Le MAE se veut l’élève zélé du gouvernement. Il mène une politique suicidaire pour les établissement culturels comme en témoigne la volonté de fermer les cours de l’institut français de Vienne. Si l’on ajoute la politique menée sur la coopération au développement et sur les assistants techniques, on peut s’interroger sur l’existence même de la DGCID.

Pour l’AEFE, le Ministre des Affaires Etrangères reconnaît l’augmentation des effectifs scolaires dans les établissements français mais il nous dit en même temps que Bercy refuse de financer la construction de nouveaux lycées français à l’étranger. En revanche, il envisage des partenariats avec la caisse des dépôts.

Cela n’empêche pas l’AEFE de déménager dans des nouveaux locaux pour un loyer de 1 million d’euros en régime de croisière tout en  refusant d’envisager des créations de postes. Les postes de résidents et d’expatriés font défaut. On attend toujours l’augmentation de l’ISVL.

Les précaires existent aussi à l’AEFE, leur situation démontre que l’Etat français est un bien mauvais employeur. Ce sont les  recrutés locaux qui subissent cette précarité. Ils sont traités comme variables d’ajustement sans respect pour leurs droits !!

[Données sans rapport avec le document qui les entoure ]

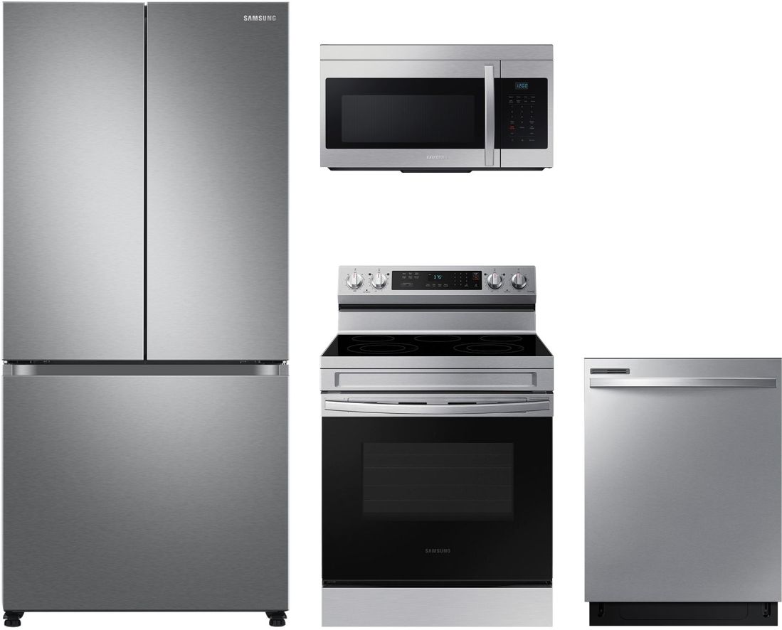 Samsung Stainless Steel Kitchen Package with a french door refrigerator, freestanding electric range, over the range microwave, and built in dishwasherRead More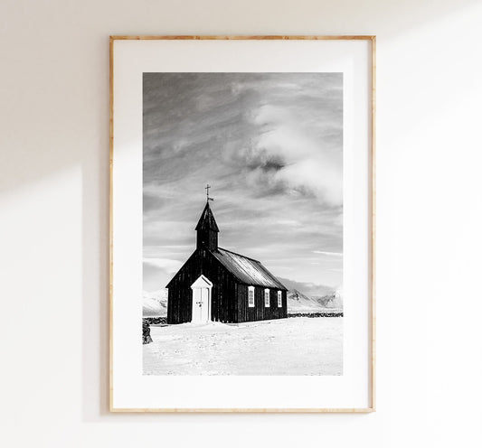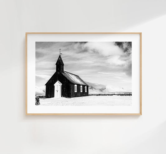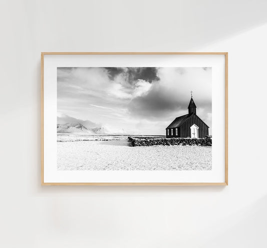 Budir Church - Iceland Photography Print - Iceland Wall Art - Iceland Poster - Black and White Photography - Landscape - Architecture - Art

A l’appel des 7 fédérations de fonctionnaires CGT-FSU-CFDT-UNSA-FO-CFTC-CGC et des 5 fédérations de l’Education : FSU-SGEN CFDT-FERC CGT-UNSA Education-FAEN, faisons grève massivement le 2 février
pour infléchir les choix de l'Agence et du gouvernement ! Engageons-nous dans l'action sur la durée pour gagner sur les salaires de tous les personnels, sur les postes et sur les droits !!

Paris, le 27 janvier 2006

SOMMAIRE

1.        Vienne : l’action continue

2.       Hors-classe listes d’aptitude : le combat continue

3.       Avancement d’échelon 2006

4.       Affectations à St-Pierre et Miquelon et affectations à Mayotte des Cpe et des Co-psy

5.       Postes résidents AEFE : rentrée 2006

6.       Circulaire AEFE sur la formation continue 2006-2007

7.       Organisation du baccalauréat dans les centres ouverts à l’étranger : session 2006

8.       Circulaire AEFE sur l’organisation du temps scolaire

9.       AEFE : commission des bourses scolaires

10.     Programme des missions d’inspection à l’étranger et dans les COM

11.      Syndicalisation hors de France

 

Annexe

·          Tableau des indemnités d’expatriation et de résidence pour service à l’étranger au 1er janvier 2006

·          Tableau sur le calendrier et les modalités de la hors-classe et de la liste d’aptitude

·          Calendrier des opérations de formation continue

 

1. Vienne : l’action continue

L’action pour le maintien des activités de cours de français à l’institut français de Vienne se poursuit. Sur place, les collègues et leurs syndicats sont mobilisés pour montrer l’incohérence de la décision de fermeture des cours.

A leur initiative, de nombreuses protestations arrivent au MAE et la presse fait état de la crise. Le poste diplomatique n’a toujours pas éclairci la situation sur les véritables raisons de cette décision.

Localement la FSU a demandé la communication du budget de l’établissement, comme le prévoit le droit ; pas de réponse !

A Paris, le ministère essaye de temporiser. Il reste vague sur les raisons de la décision et essaye de gagner du temps sur le devenir des personnels.

La FSU s’est adressée solennellement au ministre des affaires étrangères pour lui demander de faire renoncer ses services à cette décision. Tout est mis en œuvre pour faire revenir à la raison un ministère obnubilé par l’affichage comptable.

2. Listes d’aptitude , hors classe 2006 : le combat continue !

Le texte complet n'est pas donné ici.